As a librarian, one of the worst sins to encounter in writing is using someone else's work without crediting it. Groff has some very poetic language in parts of this book, an element of the novel that many reviewers keep mentioning as one of the good parts. Too bad it isn't always hers. She must have used the "center cannot hold" at least twice, it may have been three times. A nice concept. I think Yeats thought so too, when he wrote it. There are multiple moments like this that took me out of the story in annoyance, not just Yeats.

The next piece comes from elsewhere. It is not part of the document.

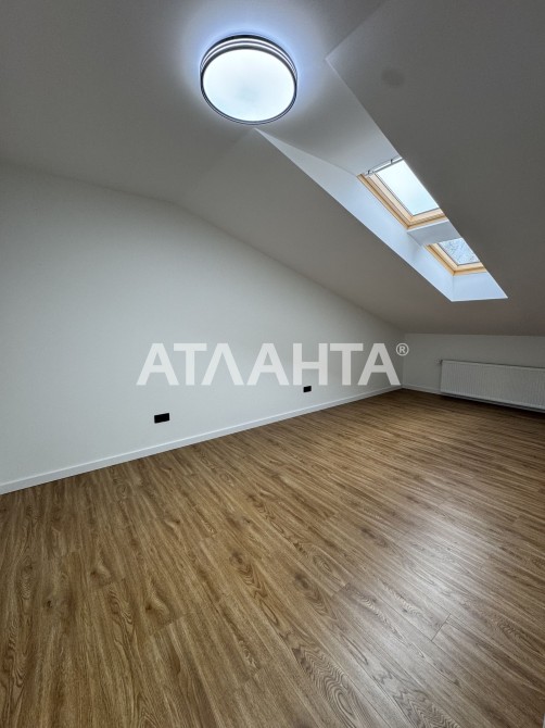 На першому поверсі велика кухня-вітальня 23 м2, вхідна зона 5,6 м2 та санвузол 4 м2, на другому поверсі спальня 20 м2, дитяча 17,2 м2, санвузол 3,2 м2.

That said, I'm a sucker for a commune story. I went through a phase of reading novels, memoirs, and studies of communal societies, and have visited several in the United States - New Harmony, IN; Amana, IA; the Shaker Village in Pleasantburg, KY.... it is something that will always be interesting to me. The novel focuses on four stages of Bit, a child born to wandering hippies just as approach property inherited by one of their members in upstate New York. First his young childhood, then his early teen years as the commune predictably falls apart, then his life as a new father in Manhattan, right after the towers fall, and then with his aging parents.

I enjoyed the details of Arcadia - the floury air from baking their own bread, the soy-everything diet, the unwashed bodies, the failed attempts at democracy. It was easy to picture, and I was grateful for the lack of religious undertones for once. I feel like the author took the easy way out in having a central male leader figure, but perhaps some things are stereotypes because they are true. In that case, she is forgiven for the pot as well.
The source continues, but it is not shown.